Neben den 96 Platanen der Art Platanus occidentalis wurden 60 Pappeln und vier Tulpenbäume bestellt und geliefert, der Rechnungsbetrag belief sich einschließlich sechs Prozent Rabatt und sechs Gulden Fuhrlohn auf insgesamt 48 württembergische Gulden und 30 Kreuzer. Quittiert wurde er durch die Unterschriften von Gemeindeinspektor Riß, Schultheiß Bierer und 13 weiteren Stadträthen. Der Ort, an dem die Platanen gepflanzt wurden, ist leider in der Rechnung nicht überliefert. Es ist aber davon auszugehen, dass dies sofort an der heutigen Stelle geschah. Ende 1828 standen die Platanen bereits, denn zu diesem Zeitpunkt wurden sie in einem weiteren Dokument bereits als „Neue Allee“ bezeichnet. Weitere interessante Hinweise würde vermutlich das Gemeinderatsprotokoll aus dieser Zeit liefern. Doch schon damals war das Gremium fleißig: Mehr als 1.200 eng beschriebene Seiten müssten für die Jahre 1827 und 1828 durchforstet werden, um dies zu überprüfen.

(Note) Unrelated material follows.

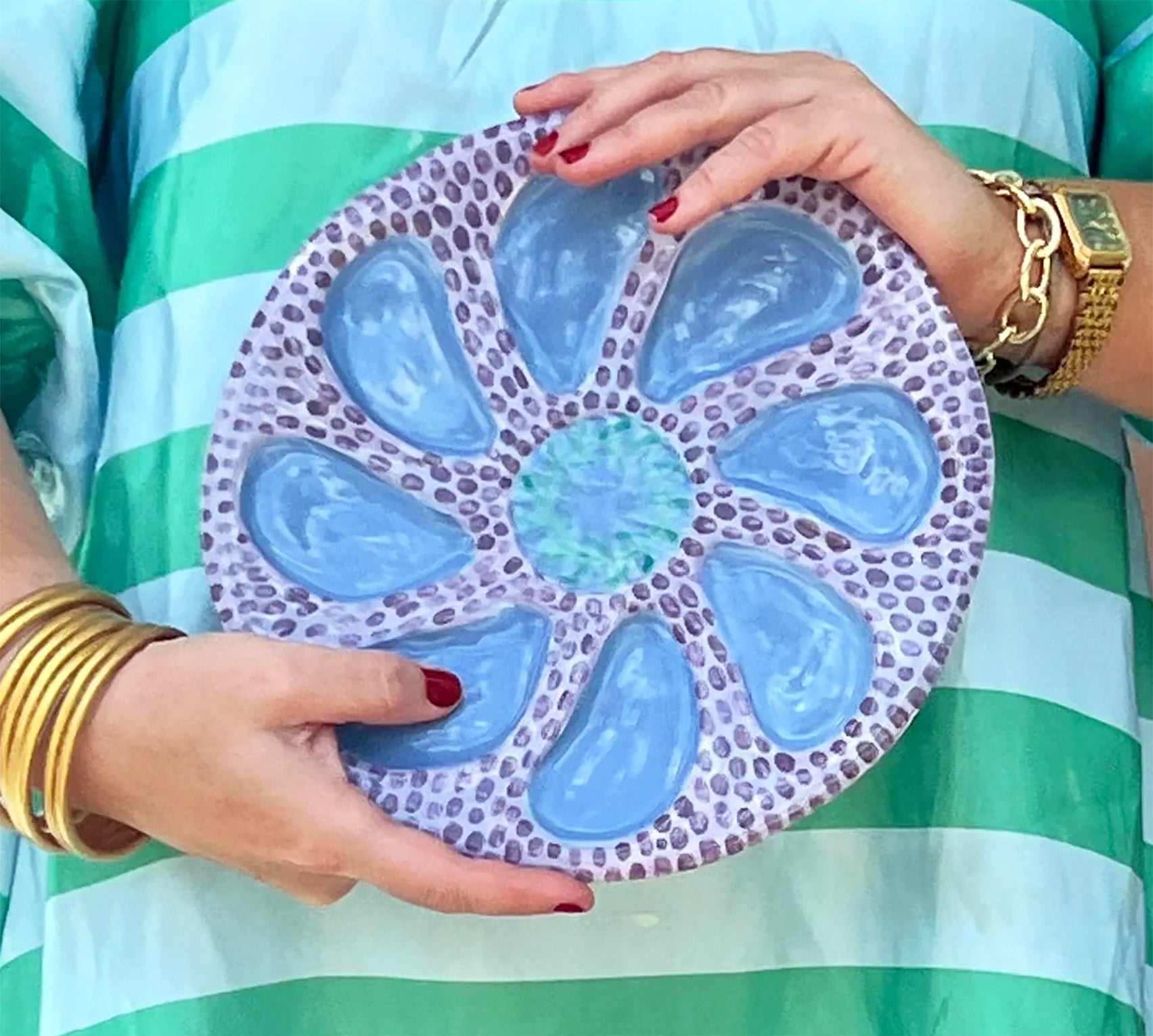 Lavender accented accented oyster plate is a unique artisan collectible. This beautiful hand built stoneware oyster plate is between 8" and 9” in diameter, depending on clay shrinkage during drying.

„Über die Motivationslage der Stadträthe bezüglich der Platanenallee sind wir trotzdem sehr gut unterrichtet“, führt Stadtarchivar Udo Rauch aus: „Tübingen stand damals unter Druck. Es mehrten sich die Stimmen, die eine Verlegung der Universität nach Stuttgart verlangten. Vielen erschien das kleine Universitätsstädtchen als zu eng und provinziell. Es mangelte an Wohnraum, an kulturellen Angeboten und an schön angelegten Spazierwegen“. Der Kaufmann und Stadtchronist Ludwig Baur erinnert sich 1863: "Es bemächtigte sich der Tübinger eine große Bestürzung und die bürgerlichen Collegien thaten alles Mögliche, um das Übel abzuwenden... Der Universitäts-Verlegungsangst verdanken wir nicht nur die Straßenbeleuchtung, sondern auch mehrere Spaziergänge auf dem Wöhrd" (Der städtische Haushalt Tübingens vom Jahre 1750 bis auf unsere Zeit, Tübingen 1863, S. 258). Übrigens: die erwähnte Straßenbeleuchtung bestand natürlich nur aus einfachen Laternen und wurde exakt im gleichen Jahr wie die Platananen also 1828 beschafft.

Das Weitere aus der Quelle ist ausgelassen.